How I'm Improving My Relationship With Money
- Zoë Paris
- Sep 28, 2019
- 4 min read
Ah, money. Ye old faithful, and treacherous whore.
At least that's how I view it. Whenever I earned or received money in the past, I spent it immediately. The concept of saving was apparently foreign to me, and when I was a teenager, my financial status was dependent on my parents. Once I reached college, however, I needed to learn how to do the budgeting thing everyone else was doing. I made a rough estimate of my weekly spending on groceries and personal care products, then would ask my parents to send me a weekly 'allowance' of sorts. Then I was awarded work study, so I hurried around my campus looking for any openings; I was starting to feel guilty asking my parents for money all the time. I landed a position as student assistant in the religious studies department and earned just below minimum wage; it didn't matter that much to me though, I was making money!
Then applications to grad school began. I knew I would have to take out more loans, and since I was going to school in England, I had to pay higher fees as an international student (bastards). I spoke with a financial services rep at my university across the pond making sure I understood every detail; soon enough I emailed all the necessary forms asking for as much money as possible so I could afford tuition, food, and housing.

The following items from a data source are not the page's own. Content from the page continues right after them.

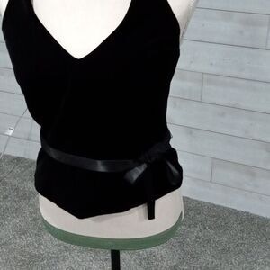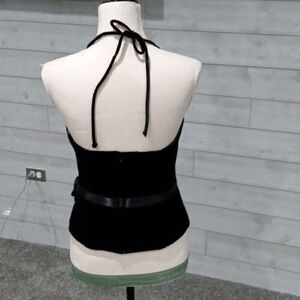Xscape by Joanne Chen Black Velvet halter bustier with boning. v-neck. ribbon bow at waist. back zipper. in excellent condition. size 6P
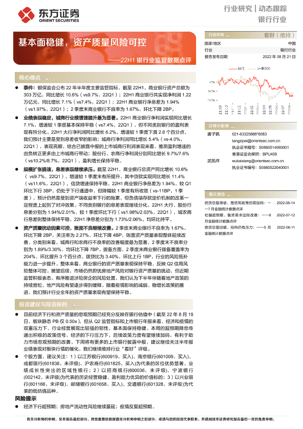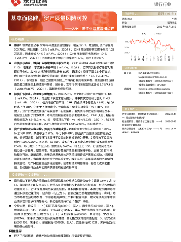 【东方证券】【20220821】22H1银行业监管数据点评:基本面稳健,资产质量风险可控-4页
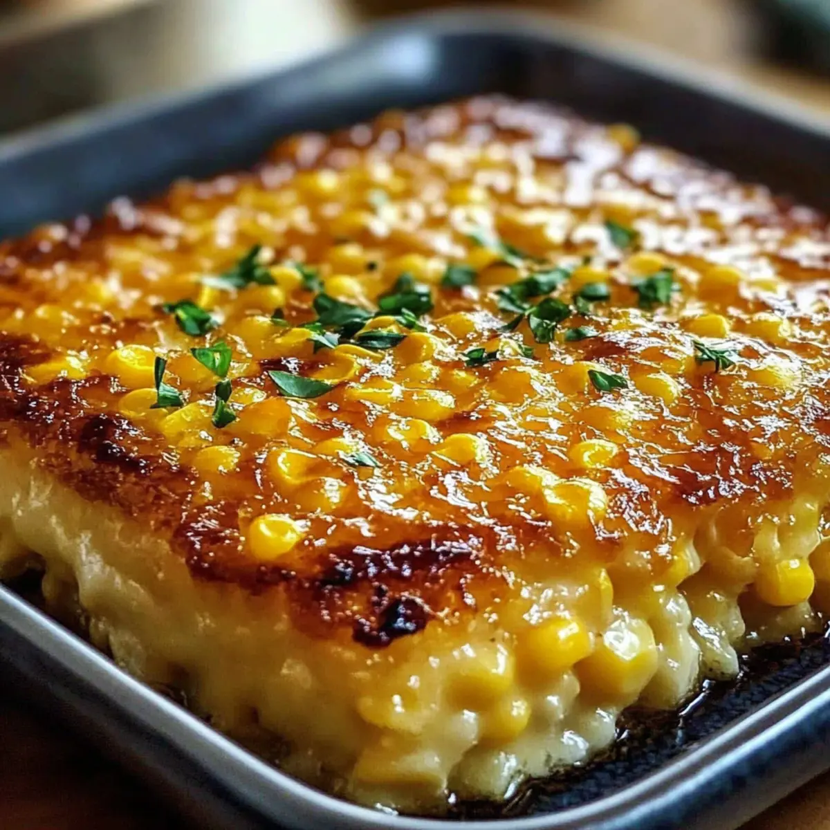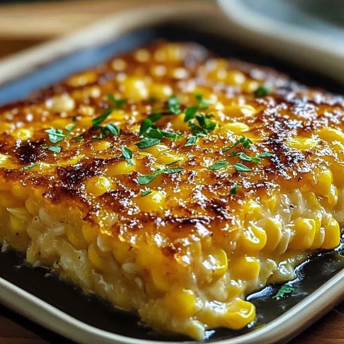 Once baked, remove the Honey-Glazed Corn Casserole from the oven and allow it to cool slightly for about 10 minutes. This resting period enhances the flavors and allows for easy serving. Finally, garnish with chopped chives or parsley to add a touch of freshness and color before enjoying!
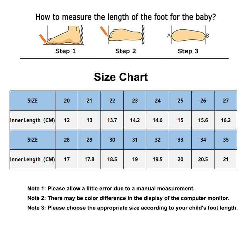- Please refer to the shoe size chart in the picture before buying shoes to get the correct size. Since the dimensions are manually measured, there may be some errors. Please measure the length of your child's feet to get the best fit. Due to the different display and lighting effects of the monitor, the picture may not reflect the actual color.

Within a matter of weeks, everything went through, and I was given a sum of money meant to last me the whole year of my studies.
Now that I'm officially out of school, I'm in the lovely process of paying back my student loans. It pains me every month to watch my hard-earned money flee my bank account, leaving me feel like I'll never see it again. And since I'm working part-time at the moment, there's not a whole lot of money in my bank account to start with. But this is the problem, the fact that I think I don't have a lot of money and that it's difficult to earn.
After reading You are a Badass at Making Money by Jen Sincero, my whole outlook changed. If I truly want to make more money so I can be financially free and live my dream life, then I need to view money more positively. If I look at money like it's somehow evil, elusive, or only for the 'greedy', then I'll always lack it. But if I view money as a simple tool of exchange, something that provides value to my life by allowing me to live at ease, and something all of us need to live well—then it will come more easily.
Sincero details this way more effectively than I can in this single post, but basically she offers tips, journal exercises, and meditation techniques to help you uncover what limiting beliefs you have about money. It could be that you feel 'dirty' for wanting to be rich; you feel you don't deserve money because there are people who suffer more than you do; or that by being rich, you'll somehow become a greedy pig. She wants readers to see that money is simply a tool of exchange, and that there's nothing negative about wanting plenty of money to provide you with the life you want to live.
When I was doing these exercises, I discovered that I found money difficult to earn because I thought I would become an asshole if I had a lot of it. Like if I became rich, somehow I would become this greedy, snobby person who felt better than everyone else. But this is entirely my own anxiety taking over; me having money won't make me a bad person, that's my own irrationality taking over. If I had a lot of money, I could not only pay off my student loans—I could pay off my mom's, too. I could afford better health insurance; have my own place; a car; and give to my family. My dream is to buy my mom a house with everything she could ever need, along with a new car and a housekeeper who could come several times a week (my mom has Rheumatoid Arthritis, so the extra help around the house could allow my mom to avoid injury to her joints). There is so much positivity I could associate with money instead of focusing on the unfounded negativity.
I'm working on building a positive relationship with money constantly, but it's admittedly tough when I'm still not able to afford my own place, a car, or even have health insurance. I often feel discouraged, then have to snap myself out of it so I can remind myself that money is always available to me. It's not some elusive phantom that exists only in my imagination; it's a real, tangible tool that I can have as long as I keep not only working, but thinking positively about earning it. Every time I catch myself feeling nervous about not having enough money, I consciously shift to thoughts like, "All the money I could ever need is here for me", "Money flows easily to me constantly", and "Money allows me to live comfortably and peacefully." All of these 'replacement thoughts' are mentioned by Sincero, along with more concrete tips on how to change your negative associations with money and wealth, so I highly suggest you pick up a copy and see for yourself how you can improve your relationship with money.
While many of us have our own anxieties about money, many of us also don't recognize that these anxieties could be prohibiting us from earning more. I encourage you to really look at how you view money, what scares you about it, how money improves your life, and so on. We all deserve to live comfortably without fear of missing a bill or not being able to afford a doctor visit; it all starts with our motivation to change our negative thoughts so we can be in alignment with wealth.
In the meantime, I'll be going over my credit card statement and brainstorming money-making activities...and trying not to buy an overpriced steam mop.